··· INFORMATION SUPPLIED

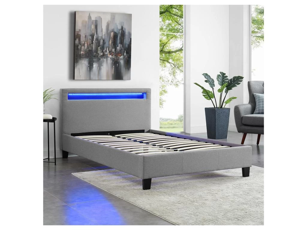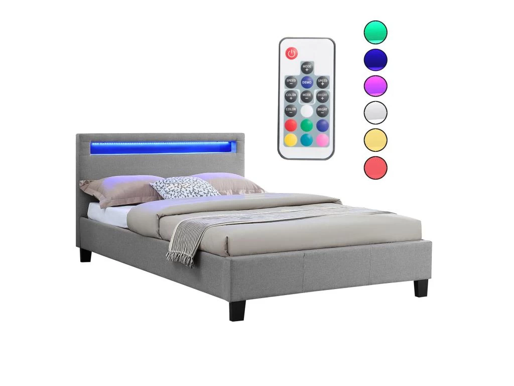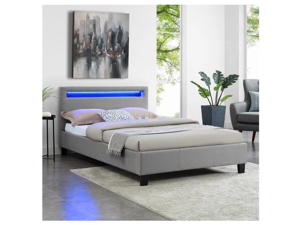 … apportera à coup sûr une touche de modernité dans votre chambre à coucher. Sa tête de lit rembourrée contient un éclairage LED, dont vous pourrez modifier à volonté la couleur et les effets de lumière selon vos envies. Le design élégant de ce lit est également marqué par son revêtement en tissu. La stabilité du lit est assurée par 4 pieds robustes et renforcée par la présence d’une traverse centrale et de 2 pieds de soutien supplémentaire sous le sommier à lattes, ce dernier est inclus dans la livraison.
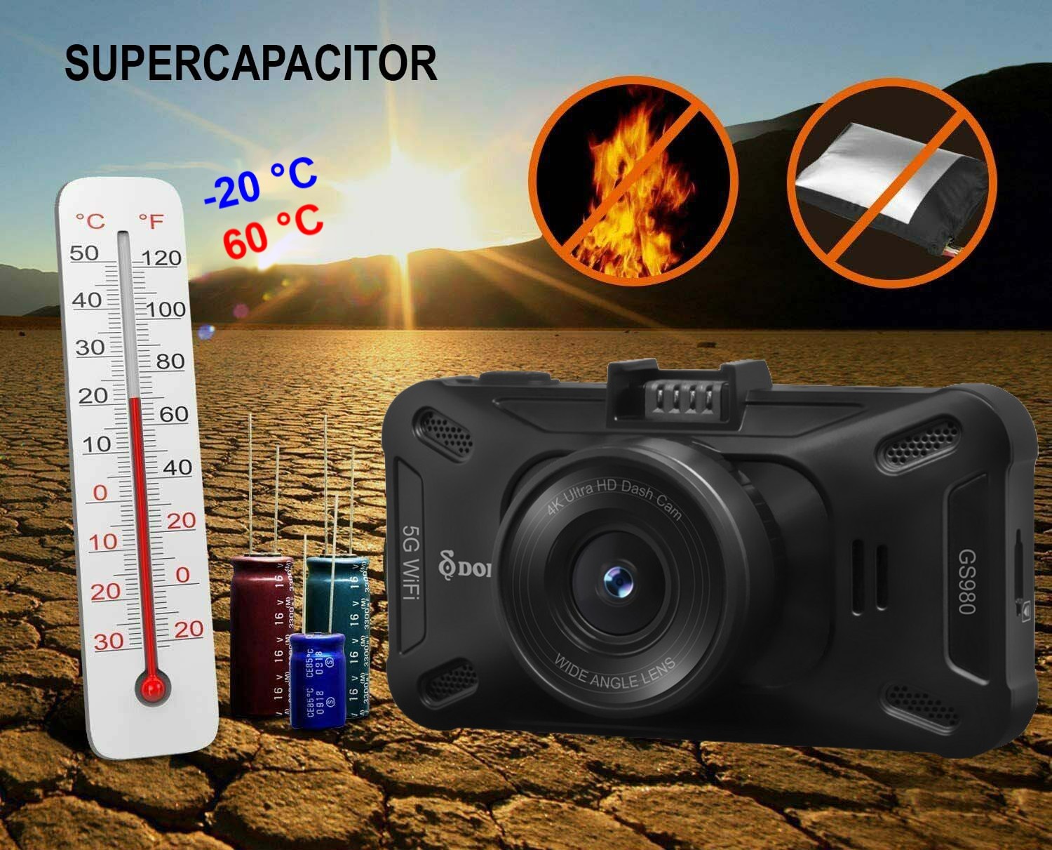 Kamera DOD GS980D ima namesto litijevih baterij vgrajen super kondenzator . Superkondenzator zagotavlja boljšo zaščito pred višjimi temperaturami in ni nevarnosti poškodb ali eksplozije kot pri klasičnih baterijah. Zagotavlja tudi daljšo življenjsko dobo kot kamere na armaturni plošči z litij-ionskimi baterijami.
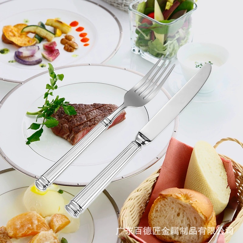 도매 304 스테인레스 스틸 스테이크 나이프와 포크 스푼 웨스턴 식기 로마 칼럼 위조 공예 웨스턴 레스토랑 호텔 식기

······

• **WHAT NEEDS TO BE DONE**:
Print the material precisely as given, dropping any images it holds.

• **YOUR RESPONSE**:
 … apportera à coup sûr une touche de modernité dans votre chambre à coucher. Sa tête de lit rembourrée contient un éclairage LED, dont vous pourrez modifier à volonté la couleur et les effets de lumière selon vos envies. Le design élégant de ce lit est également marqué par son revêtement en tissu. La stabilité du lit est assurée par 4 pieds robustes et renforcée par la présence d’une traverse centrale et de 2 pieds de soutien supplémentaire sous le sommier à lattes, ce dernier est inclus dans la livraison.
 Kamera DOD GS980D ima namesto litijevih baterij vgrajen super kondenzator . Superkondenzator zagotavlja boljšo zaščito pred višjimi temperaturami in ni nevarnosti poškodb ali eksplozije kot pri klasičnih baterijah. Zagotavlja tudi daljšo življenjsko dobo kot kamere na armaturni plošči z litij-ionskimi baterijami.
 도매 304 스테인레스 스틸 스테이크 나이프와 포크 스푼 웨스턴 식기 로마 칼럼 위조 공예 웨스턴 레스토랑 호텔 식기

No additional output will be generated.